I want to distribute a positive 6 second angular closure error in a closed link traverse with 6 stations. My common sense tells me to subtract 1 second per angle and rerun the traverse. However, a YouTube video says to distribute the error proportionately. Like this
Line 1-2: -6" x 1/6 = -1"
Line 2-3: -6" x 2/6 = -2"
Line 3-4: -6" x 3/6 = -3"
Line 4-5: -6" x 4/6 = -4"
Line 5-6: -6" x 5/6 = -5"
Line 6-7: -6" x 6/6 = -6"
The closing azimuth is supposed to be flat, but it isn't. What's the correct way to do this?

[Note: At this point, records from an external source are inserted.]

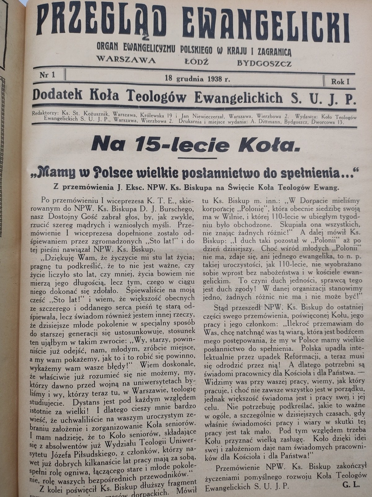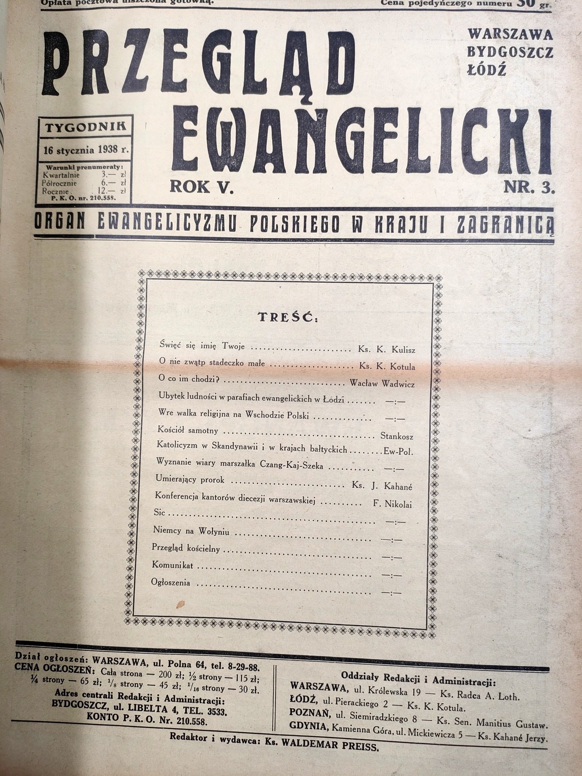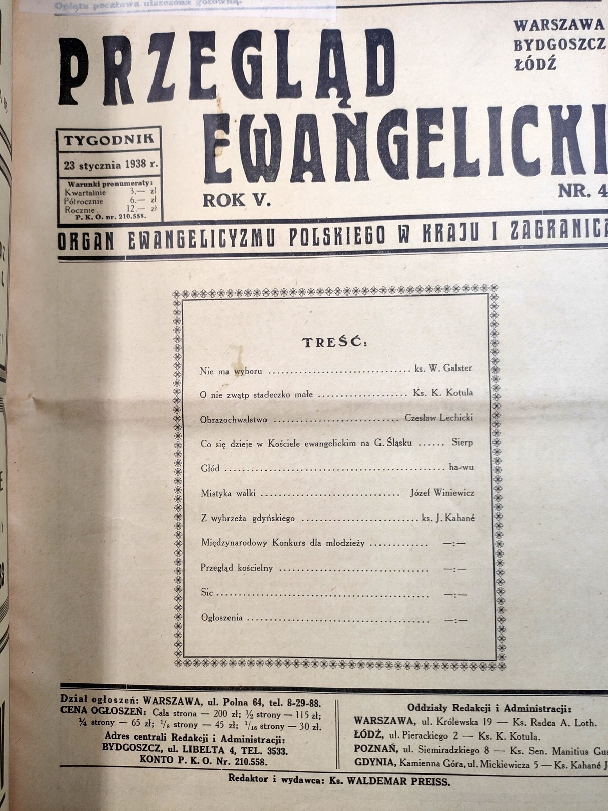 Przegląd ewangelicki rok IV - nr 26 - 38 z 1937 roku
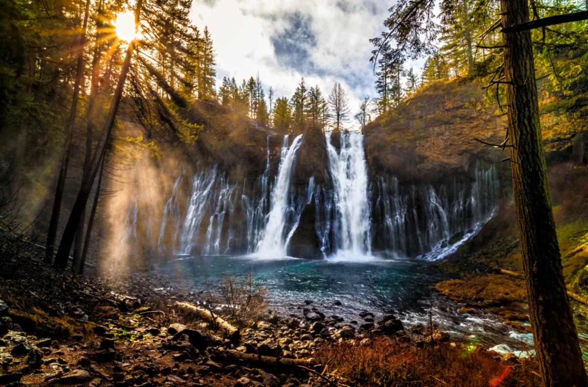 Burney Falls, located in California, is a captivating natural wonder that never fails to amaze visitors. Nestled within McArthur-Burney Falls Memorial State Park, this waterfall is renowned for its sheer beauty and pristine surroundings. As water cascades down a 129-foot cliff, it creates a stunning curtain of sparkling water that glistens in the sunlight. The falls, fed by underground springs and Burney Creek, maintain a constant flow year-round, making it a mesmerizing sight in any season. Surrounded by lush greenery and vibrant wildflowers, the falls offer a peaceful and serene atmosphere, perfect for hiking, picnicking, or simply immersing oneself in the splendor of nature. Burney Falls stands as a testament to the awe-inspiring power and timeless elegance of California's natural landscapes. |
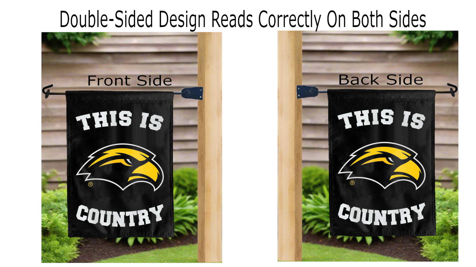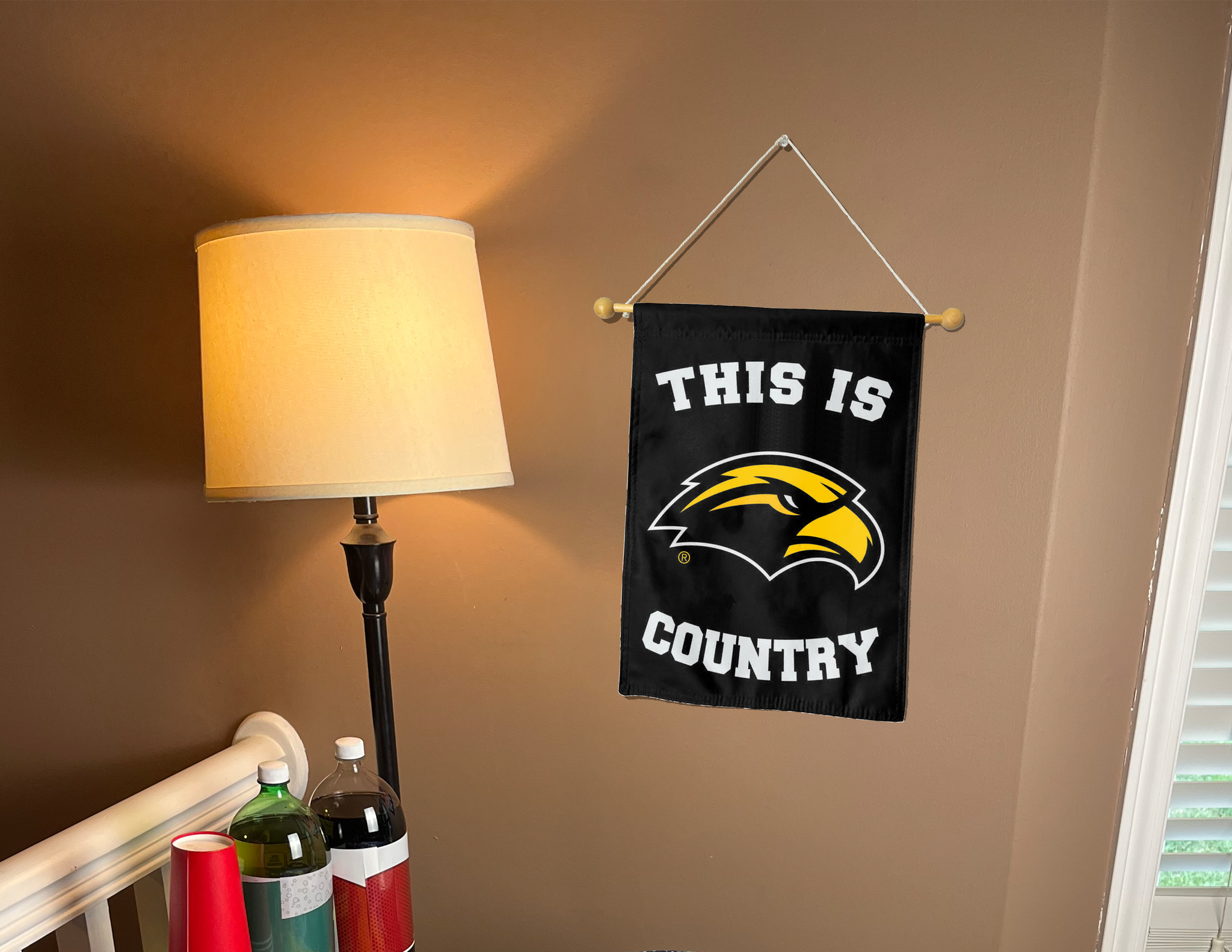 Let your voice scream "Go Golden Eagles!" with this NCAA Officially Licensed, 13" x 18" University of Southern Mississippi This Is Southern Miss Golden Eagles Country Garden flag! Made of 2-ply polyester, this flag is the result of two dye-sublimated flags sewn together with a middle liner sewn in between them to stop the see-through, allowing the logo to look clear and read correctly on both sides. The sleeve across the top makes it easy for you to insert the flag into your garden flag stand. No matter where you are, this garden flag is sure to make it clear your loyalty lies with the Golden Eagles on game day.

There is no one right way to do it. The way you initially suggest is the common way. But you could arbitrarily decide to throw it all in one angle - perhaps because you knew the setups was mushy and/or the sightings were obscured at one station. The youtube method you describe sounds undefensible. But perhaps you are misunderstanding? If the calculated adjustments were applied to the azimuth of the legs rather than the turned angles, then it would work.
@ Norman_Oklahoma
Maybe I did misunderstand the YouTube video. Probably the same angle adjustment logic is good for any kind of closed traverse. I forgot about being aware of sighting low over grass, or some other condition that could affect an angle. Nothing suspicious on this particular job. Thanks for responding.
If this is a straight-forward traverse (no cross ties), I'd simply calculate it with raw data, do a compass rule adjustment and inverse the final numbers to make sure nothing got changed enough to cause a problem. You can of course do a Least Squares adjustment, that's difficult without a program.
@ Norman_Oklahoma
I found something questionable. I subtracted 6" from the setup with a short BS.
For the record, 6 seconds misclosure on a 6 legged traverse is infinitesimally tiny. Even with a 1 second gun, as the 1 second rating is for a pointing, not an angle. And the gun is only one part of the system. I'd be inclined to push ahead without adjusting angles at all, as Moe suggests.
What Norman said in his last post.